Table 2. Comparison of the TCF between the device we studied and previously reported sensors.

Ref.	Structure	TCF (ppm/°C)
1 [34]	LN/SiO2/Si	−26.01
2 [35]	AlN/Pt/LGS	−14.55
3 [36]	Mo/AlN/Mo/Si	−27.2
4 [37]	Mo/AlN/SiO2	−24.52
5 [38]	Mo/AlN/Si	−30

compares the TCF of temperature sensors based on SAW devices. It is evident that the TCF results reported in this paper are acceptable compared to previous studies.

Based on the experimental results, we observe some regularities: for SAW resonators with different finger widths, narrower finger widths correspond to higher sensitivity S. Although as the finger width decreases, the TCF also increases, the growth rate is relatively slow. This indicates that SAW resonators with higher operating frequencies can effectively enhance sensor sensitivity, but TCF is influenced to a certain extent by the parameters of the piezoelectric material [19].

3.3. Wireless Passive SAW Temperature Sensors Array Measurement

According to the wireless passive experimental test platform shown in Figure 5, the temperature sensor array was measured wirelessly. Three sensors connected to respective antennas were placed on the surface of the curved heating table and thermally bonded using thermally conductive double-sided adhesive. At the same time, a thermocouple is placed near the SAW sensors to calibrate the temperature. The distance between the antenna and the heating platform is 20 cm. The response time of the device is about 0.15 μs. With the increase in temperature, the frequency of the echo signal decreases gradually while the reading signal remains unchanged, so the ∆f of the intermediate frequency signal increases gradually. Therefore, the rate of change of if signal is opposite to the sensitivity of the sensor. Figure 9 shows the results of the wireless measurement experiment with a set of sensor arrays. By analyzing the rate of change of the signal, the sensitivity and linearity of the three sensors in wireless measurement were evaluated and compared with the results obtained by Vector Network Analyzer (VNA) measurements. According to the fitting results, all three sensors show good linearity with the sensitivity of −14.604 kHz/°C, −15.418 kHz/°C, −16.251 kHz/°C and temperature coefficient TCF of −30.323 ppm/°C, −31.184 ppm/°C, −31.610 ppm/°C. These results are basically consistent with the experimental results obtained from wired testing.

4. Discussion

With the development of SAW temperature sensors, there is a growing demand for their application in fields such as aviation and automotive electronics. In this study, a SAW temperature sensor array based on FPCB is proposed to address the complexity of current application environments. The sensor array uses FDMA technology to encode and realize multi-point temperature measurements. Leveraging the flexibility and thinness of FPCBs, the flexible SAW sensor can fit the curved object better. A two-dimensional model was established using the finite element simulation software COMSOL to calculate the operating frequencies of SAWs with different finger widths. The simulation results are verified by VNA, and the temperature–frequency characteristics of the sensor are characterized.

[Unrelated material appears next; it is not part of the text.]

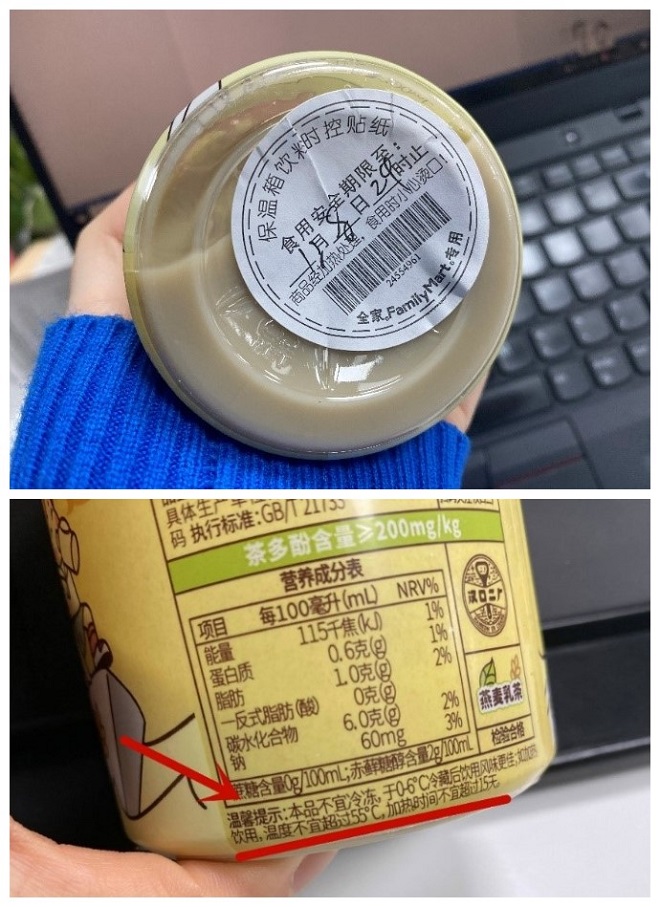 为什么不能用更高的温度?毕竟大部分饮料包装都是塑料制的。放在暖柜里的饮料,都有安全饮用期限。全家暖柜的暖饮瓶底,都贴有一张“保温箱饮料时控贴纸”。而在饮料瓶身,也可以看到品牌标注的温馨提示:“如加热饮用,温度不宜超过55℃ ,加热时间不宜超过15天” 。这在某种程度上也意味着瓶装热饮比常温、冷藏饮料有更高的成本。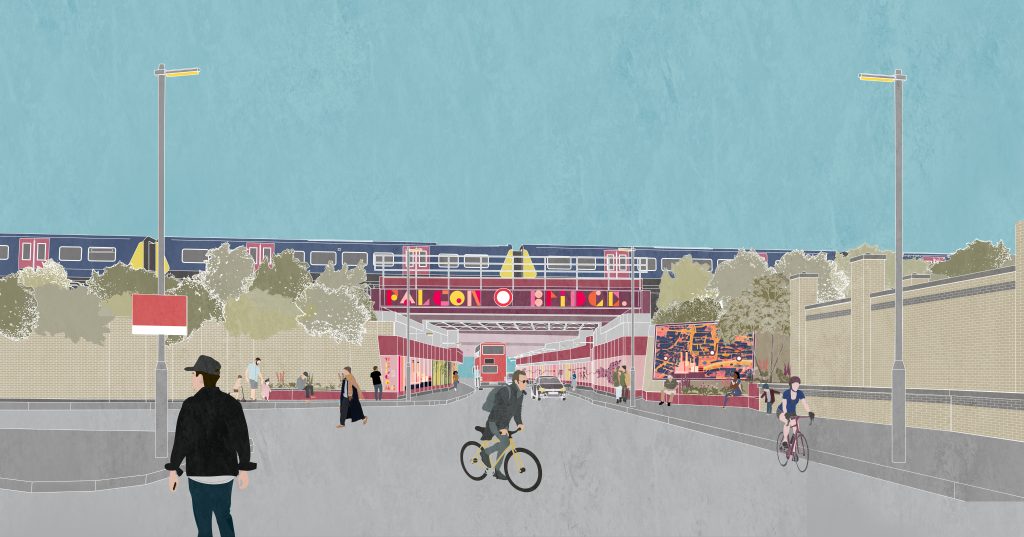 Earlier this year, London Festival of Architecture and Wandsworth Council launched a design competition inviting proposals for permanent public realm improvements to the area underneath Falcon Road Bridge, creating an artistic intervention which improves the public realm, wayfinding and celebrates the local area’s character.

The results show that the three devices have good linearity and sensitivity, which proves the feasibility of the flexible SAW temperature sensor array. Then, a reading circuit system for the sensors is further designed. A group of SAW sensors with three different working frequencies communicate wirelessly via a single inquiry antenna, which verifies the wireless temperature measurement capability of the sensor array.

In the subsequent work, further simulation and testing can be conducted to characterize the strain performance of the AlN surface acoustic wave resonators used in this study in order to assess the flexibility of the devices themselves and to delve into the reliability and stability of the FPCB, AlN piezoelectric layer, and interdigital transducer (IDT) under repeated bending. Moreover, alternative solutions to the spiral antenna can be explored, considering the characteristics of antenna miniaturization, high gain, and frequency adjustability, to further optimize and enhance the ability of the surface acoustic wave temperature sensor to monitor multi-point temperature information in environments with wiring difficulties and uneven surfaces.